Exercise materials Block Start
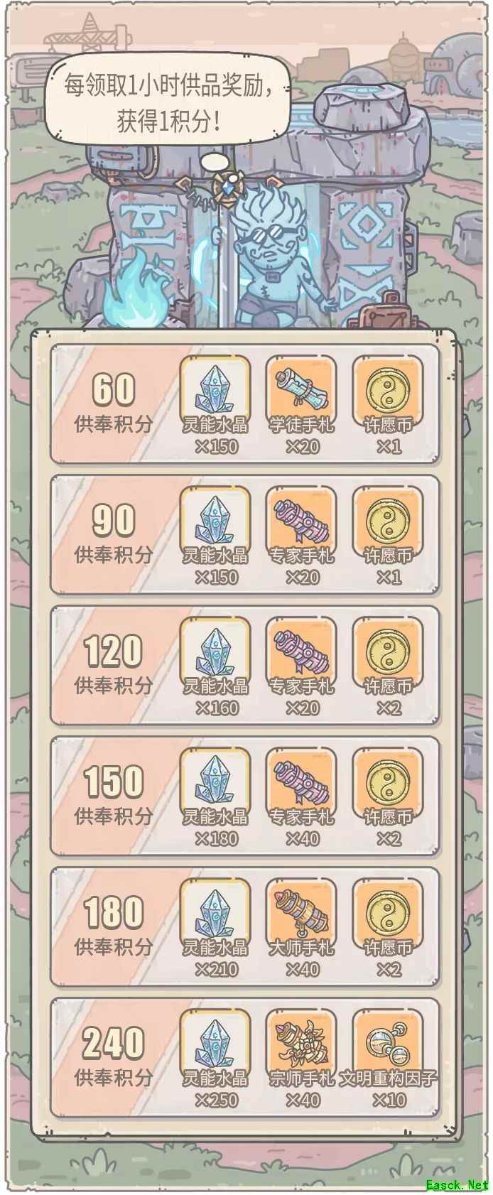 神坛秘仪: 活动期间,每次领取供奉奖励,根据祭品原始的供奉时间,获得活动积分(1小时=1积分)累积对应的活动积分,可获得以下奖励。
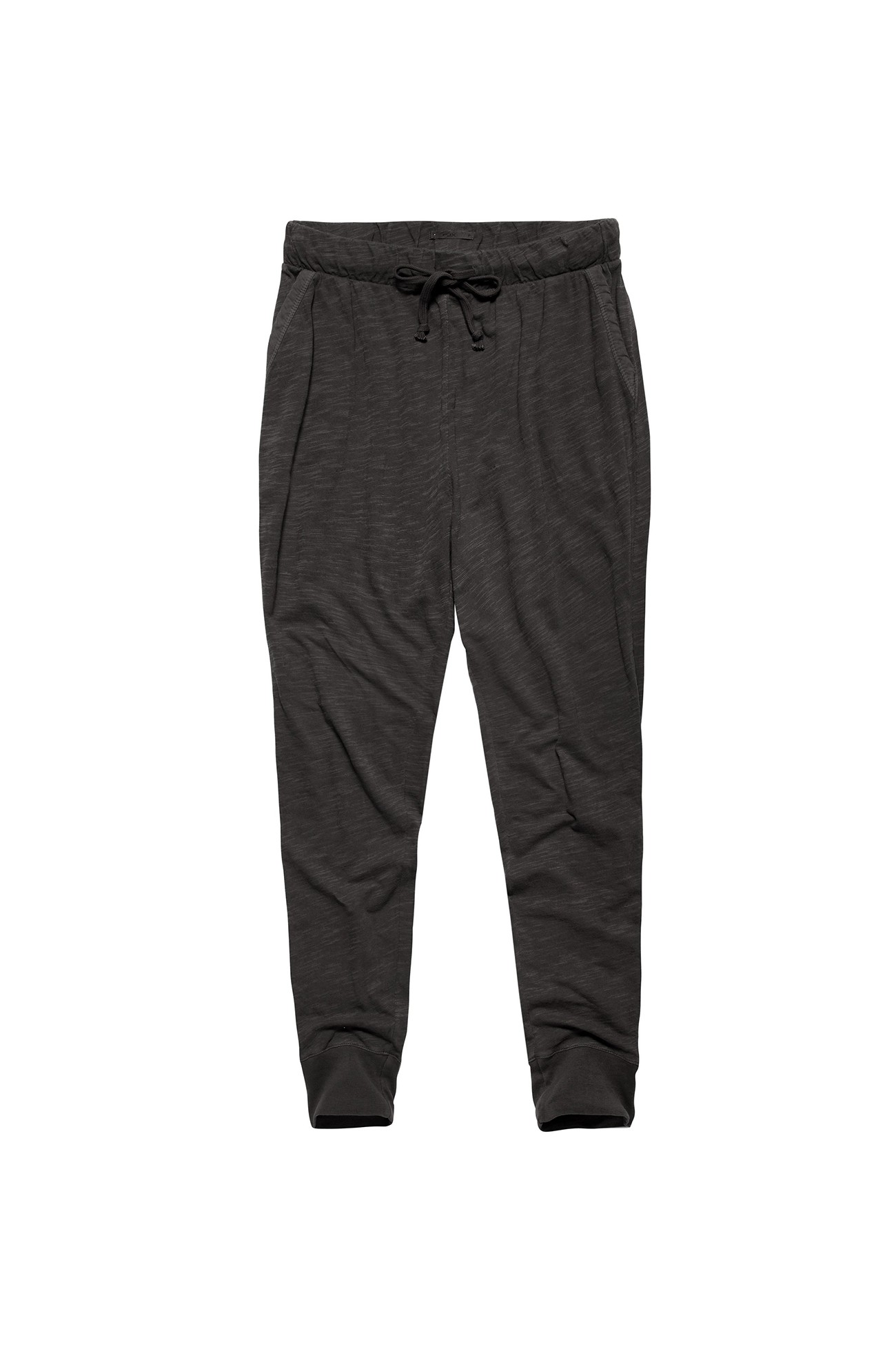 Брюки женские. Модель выполнена из трикотажного полотна (кулирка). Детали: пояс на резинке и кулиске со шнурком; два врезных кармана; струящийся силуэт; манжеты на трикотажной резинке.
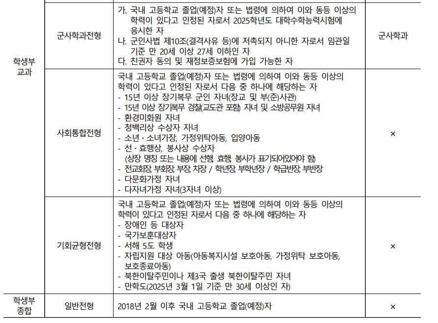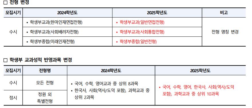 Ⅰ. 2025학년도 대학입학전형 주요사항
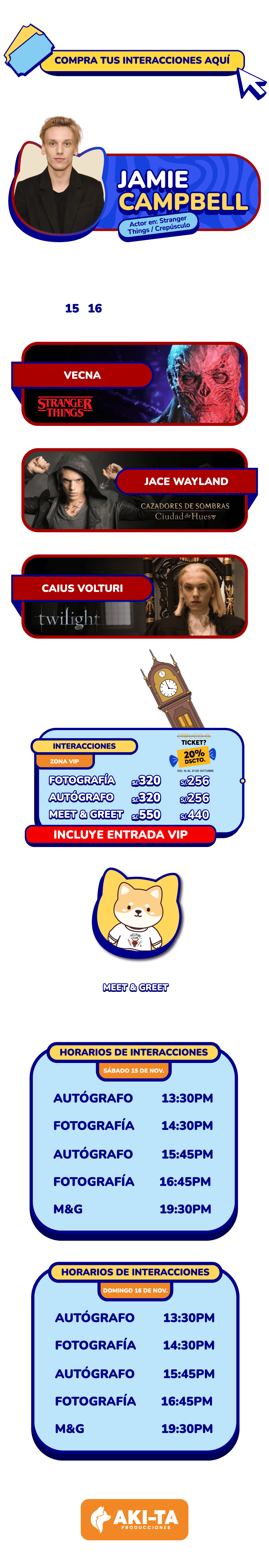 - Promoción Truco o Ticket vigente desde el 16 de octubre a las 17:00 horas hasta el 21 de octubre a las 23:59 horas de 2025. Descuento 20% en fotografía, autógrafo y meet & greet. Stock máximo de la promoción: 100 interacciones por tipo. El descuento es sobre la tarifa regular y no aplica a otros descuentos o promociones. Promoción válida con cualquier método de pago.
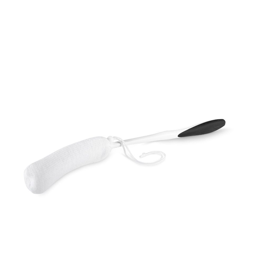 Mit der ergonomischen Waschhilfe können auch schwer erreichbare Körperpartien, z.B. der Rücken, bequem mit Seife gewaschen werden. Der Handgriff ist aus rutschfestem Material und liegt dadurch gut in der Hand, selbst wenn er nass ist.
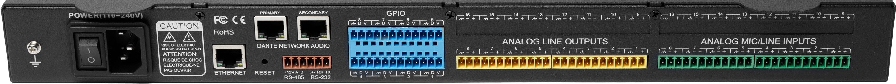 - Разъем Dante Secondary, используемый для подключения аудиопроцессоров в цепь
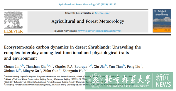 近日,水保學院鹽池站查天山教授帶領的生態監測與模擬團隊在農林領域頂級期刊Agricultural and Forest Meteorology,發表了關于荒漠生態系統碳循環過程與調控機理的研究論文“Ecosystem-scale carbon dynamics in desert Shrublands: Unraveling the complex interplay among leaf functional and physiological traits and environment”。
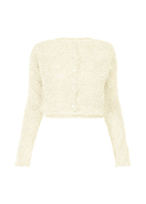 SHIFTED FUZZY PLEATS Cardigan Off-White
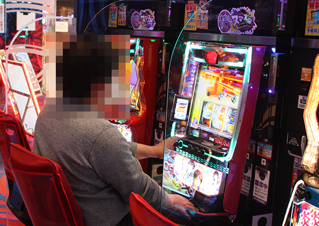 15時頃にパチスロをみてみると、「沖ドキ!GOLD-30」に4箱以上の持ち玉を使い、うれしそうに遊技をおこなっている姿があった。
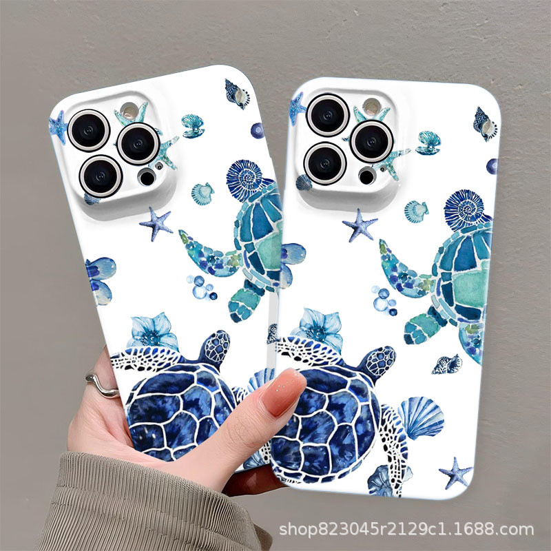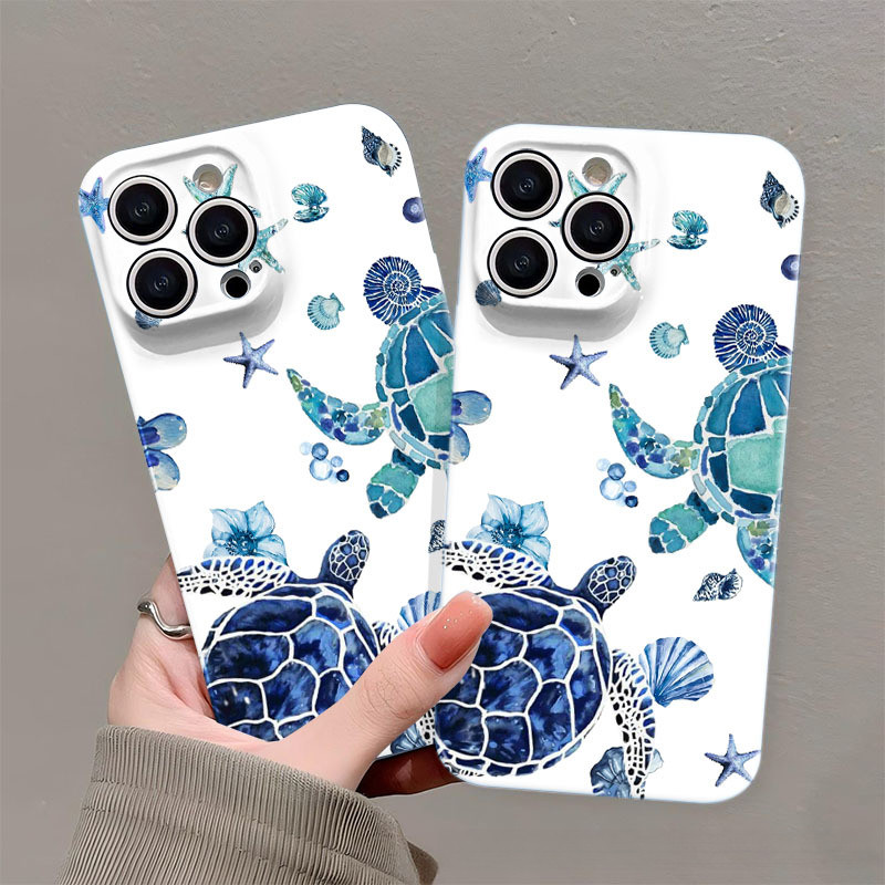 Watercolor style sea turtle New Fashion Creative Phone Hard Case Applicable iPhone XR 17PROMAX 16Pro 14Pro 12Promax Impact Resistance 15Plus 7Plus XS 13Pro 11 Anti-Fall Stain Resistant Protective Shell
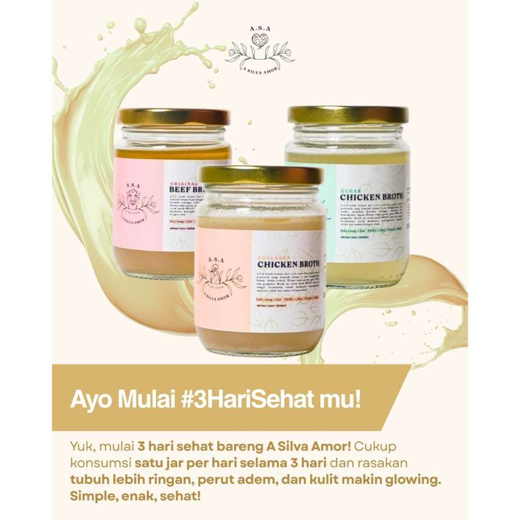 asakan manfaat nyata kaldu alami dalam 3 hari! #3HARISEHAT SET dari A Silva Amor adalah paket khusus untuk membantu tubuh Anda merasa lebih hangat, segar, dan sehat hanya dengan rutin minum kaldu berkualitas premium setiap hari.
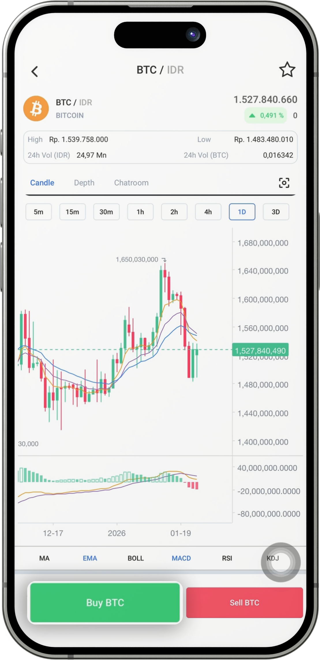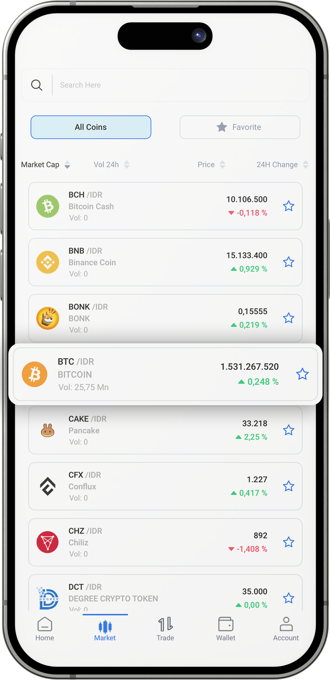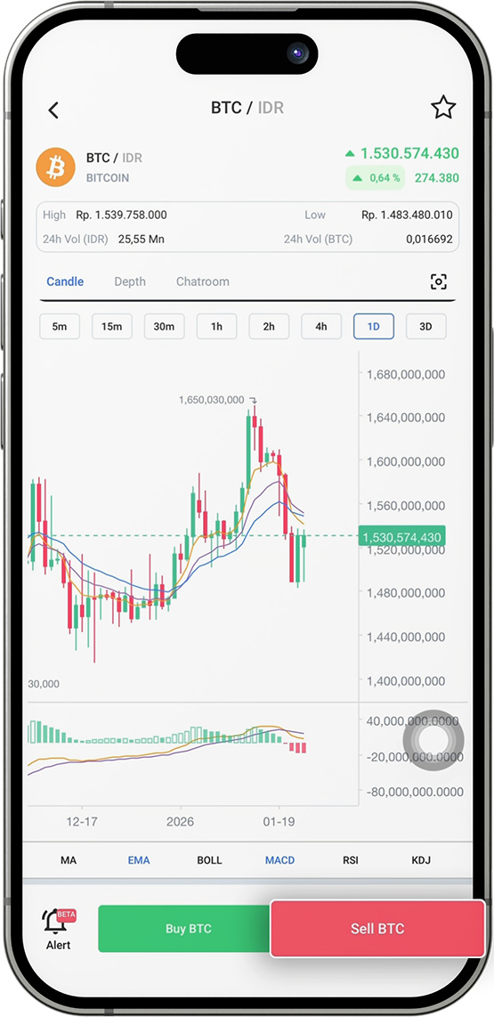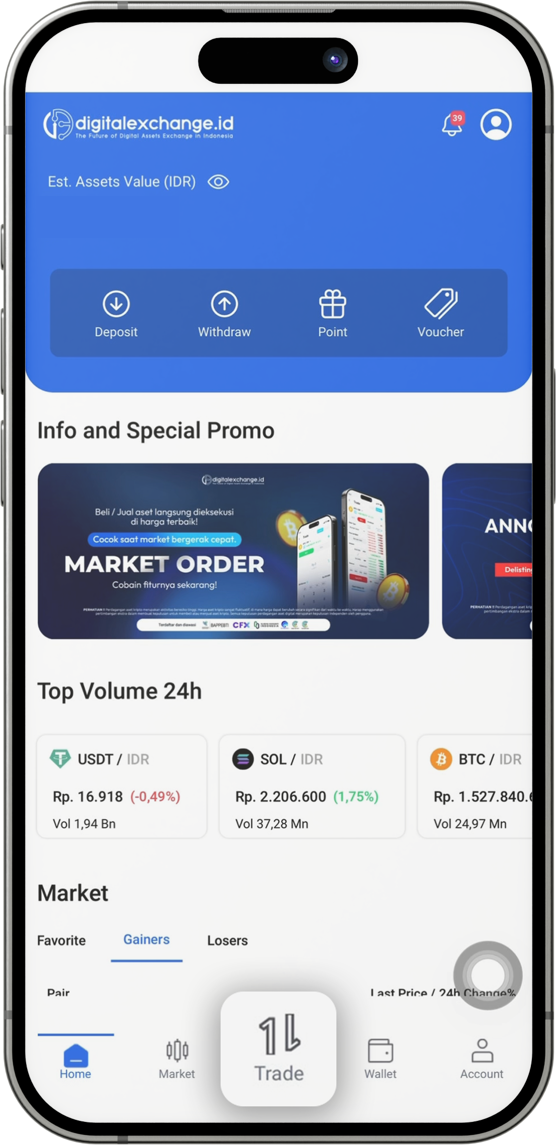 Masuk ke “Beranda” aplikasi digitalexchange.id, buka fitur Market lalu cari dan pilih aset kripto yang ingin kamu beli.
Exercise materials Block End
Work request – Would you set down each line of the data exactly, with no images included?

Your solution –
 神坛秘仪: 活动期间,每次领取供奉奖励,根据祭品原始的供奉时间,获得活动积分(1小时=1积分)累积对应的活动积分,可获得以下奖励。
 Брюки женские. Модель выполнена из трикотажного полотна (кулирка). Детали: пояс на резинке и кулиске со шнурком; два врезных кармана; струящийся силуэт; манжеты на трикотажной резинке.
 Ⅰ. 2025학년도 대학입학전형 주요사항
 - Promoción Truco o Ticket vigente desde el 16 de octubre a las 17:00 horas hasta el 21 de octubre a las 23:59 horas de 2025. Descuento 20% en fotografía, autógrafo y meet & greet. Stock máximo de la promoción: 100 interacciones por tipo. El descuento es sobre la tarifa regular y no aplica a otros descuentos o promociones. Promoción válida con cualquier método de pago.
 Mit der ergonomischen Waschhilfe können auch schwer erreichbare Körperpartien, z.B. der Rücken, bequem mit Seife gewaschen werden. Der Handgriff ist aus rutschfestem Material und liegt dadurch gut in der Hand, selbst wenn er nass ist.
 - Разъем Dante Secondary, используемый для подключения аудиопроцессоров в цепь
 近日,水保學院鹽池站查天山教授帶領的生態監測與模擬團隊在農林領域頂級期刊Agricultural and Forest Meteorology,發表了關于荒漠生態系統碳循環過程與調控機理的研究論文“Ecosystem-scale carbon dynamics in desert Shrublands: Unraveling the complex interplay among leaf functional and physiological traits and environment”。
 SHIFTED FUZZY PLEATS Cardigan Off-White
 15時頃にパチスロをみてみると、「沖ドキ!GOLD-30」に4箱以上の持ち玉を使い、うれしそうに遊技をおこなっている姿があった。
 Watercolor style sea turtle New Fashion Creative Phone Hard Case Applicable iPhone XR 17PROMAX 16Pro 14Pro 12Promax Impact Resistance 15Plus 7Plus XS 13Pro 11 Anti-Fall Stain Resistant Protective Shell
 asakan manfaat nyata kaldu alami dalam 3 hari! #3HARISEHAT SET dari A Silva Amor adalah paket khusus untuk membantu tubuh Anda merasa lebih hangat, segar, dan sehat hanya dengan rutin minum kaldu berkualitas premium setiap hari.
 Masuk ke “Beranda” aplikasi digitalexchange.id, buka fitur Market lalu cari dan pilih aset kripto yang ingin kamu beli.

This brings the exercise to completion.